A verdade é que o bom povo quer ver os seus representantes à distância. No conforto dos gabinetes a executar o trabalho entediante de ler relatórios e outra literatura do género.

Não há volta a dar. Os portugueses não gostam de políticos, sobretudo quando estes são “profissionais” e, pior ainda, quando se dizem “profissionais”.

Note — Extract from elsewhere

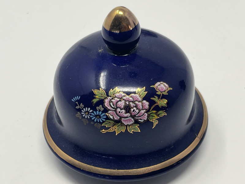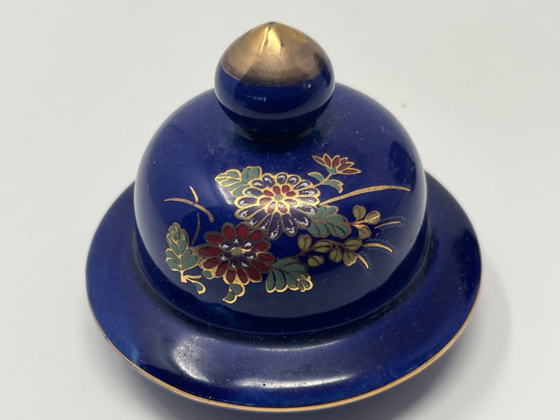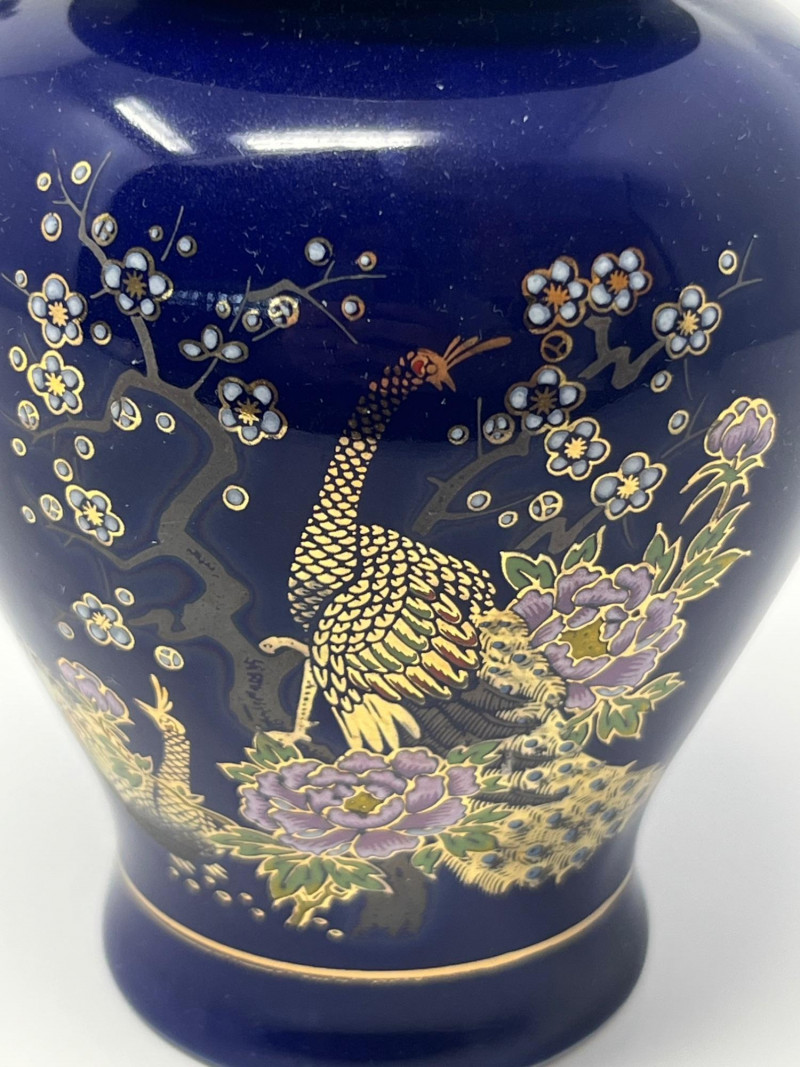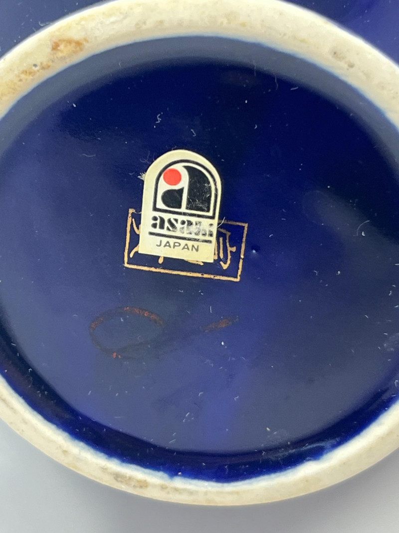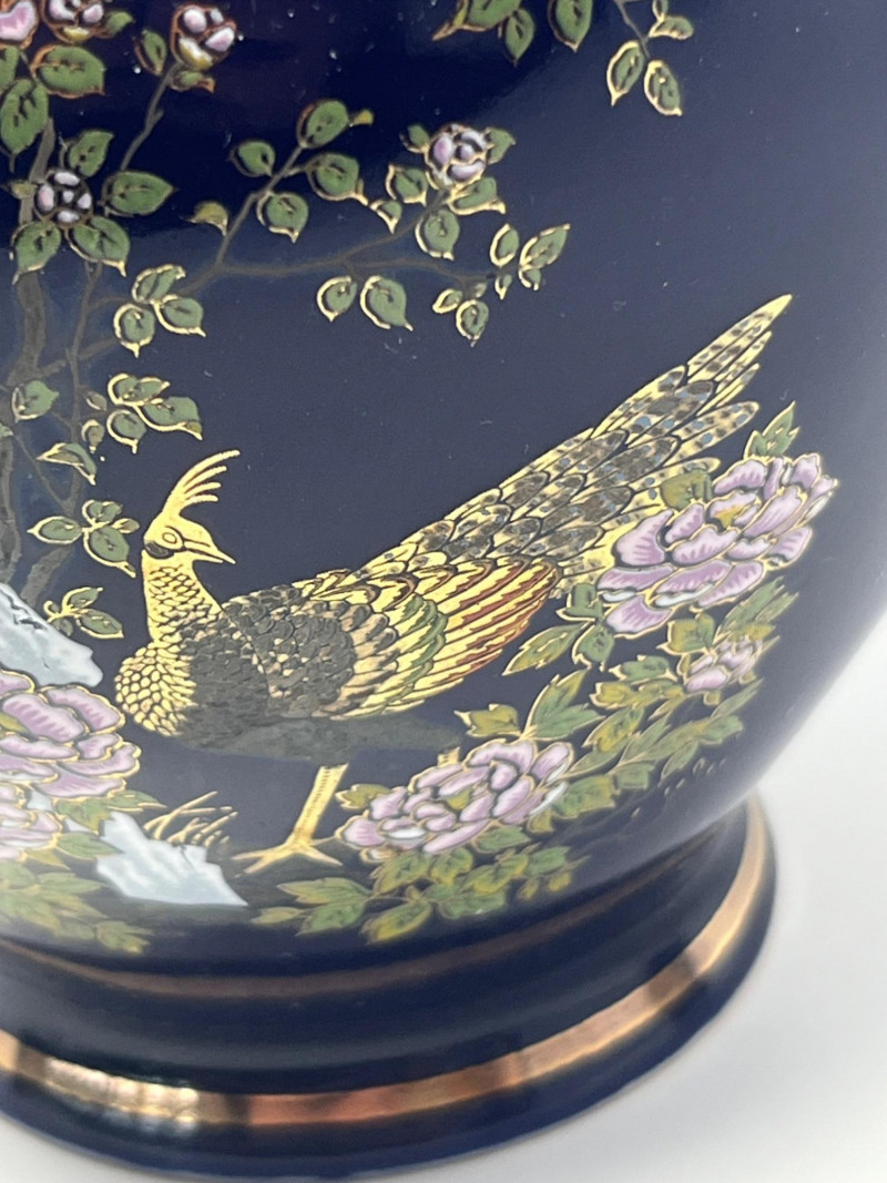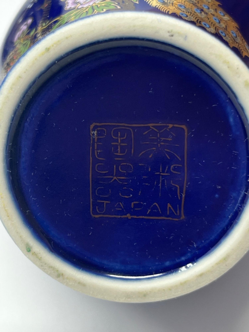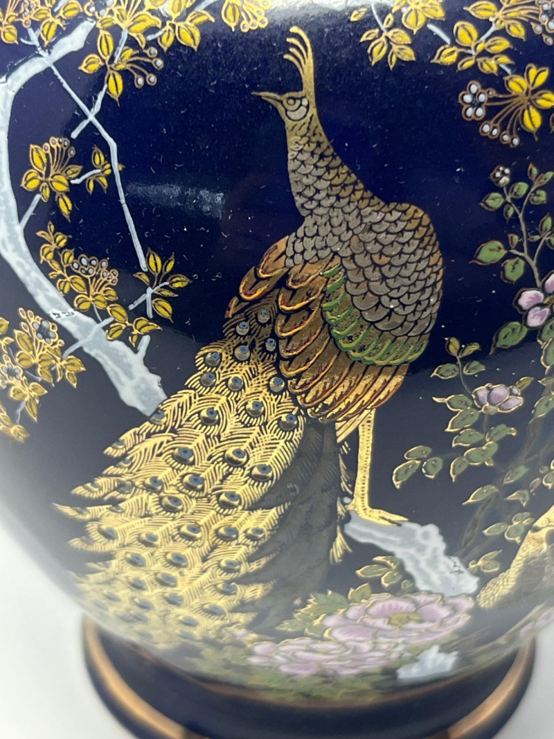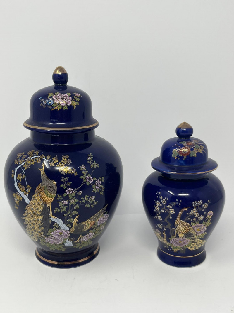 Pair of Japanese porcelain lidded jars featuring a deep cobalt blue ground with gilt and multicolor enamel decoration. Each jar displays a finely rendered peacock among flowering branches, with raised enamel accents and crisp linework. Lids are decorated to match and finished with gold‑tipped finials. The larger jar retains its original Asahi Japan foil sticker on the underside. Both pieces also bear Japanese export marks, including a stamped mark and an applied “Japan” label, consistent with mid‑20th‑century production for the export market. Surfaces present well with vibrant color, detailed imagery, and strong decorative appeal. A refined decorative pair suitable for collectors of Japanese export porcelain, peacock motifs, or gilt enamelware.

MENOS PROXIMIDADE. Uma boa notícia. O governo pretende acabar com mais de 200 concelhos e com centenas de freguesias. Brindo a isso. O país não precisa de nenhuma regionalização ou de qualquer outra estrutura intermédia entre o poder central e o poder local. Tal serviria apenas para atrapalhar, aumentando a despesa, o número de funcionários e a burocracia. O que é preciso é fundir concelhos ou então, nalguns casos, dividir concelhos. Parece que a ideia é acabar com os que têm menos de 10 mil habitantes. Uma proposta razoável. No distrito da Guarda desapareceriam do mapa oito dos actuais 14. Escapavam à tangente Pinhel e Trancoso (têm, respectivamente, 10 545 e 10 682 habitantes) e, mais à vontade, o Sabugal (14 381), Gouveia (15 827), Seia (27 640) e, claro, a Guarda (43 981). Sem dúvida que esta medida permitiria uma utilização mais racional e eficiente dos escassos recursos humanos e materiais do país e um melhor planeamento e ordenamento do território. Estou convencido de que a maioria do povo não se importaria nada de ser integrado num concelho maior. As pessoas querem é ver os seus problemas resolvidos e a sua terra a desenvolver-se. As forças de bloqueio são as máquinas partidárias que de repente ficariam sem uma série de tachos para distribuir. Não estou a ver os senhores do poder local perderem os seus pequenos feudos de poder pessoal sem dar luta. Mas o governo deve estar ao serviço das populações e do bem público e não das cliques partidárias. Espero que este projecto seja mesmo para avançar.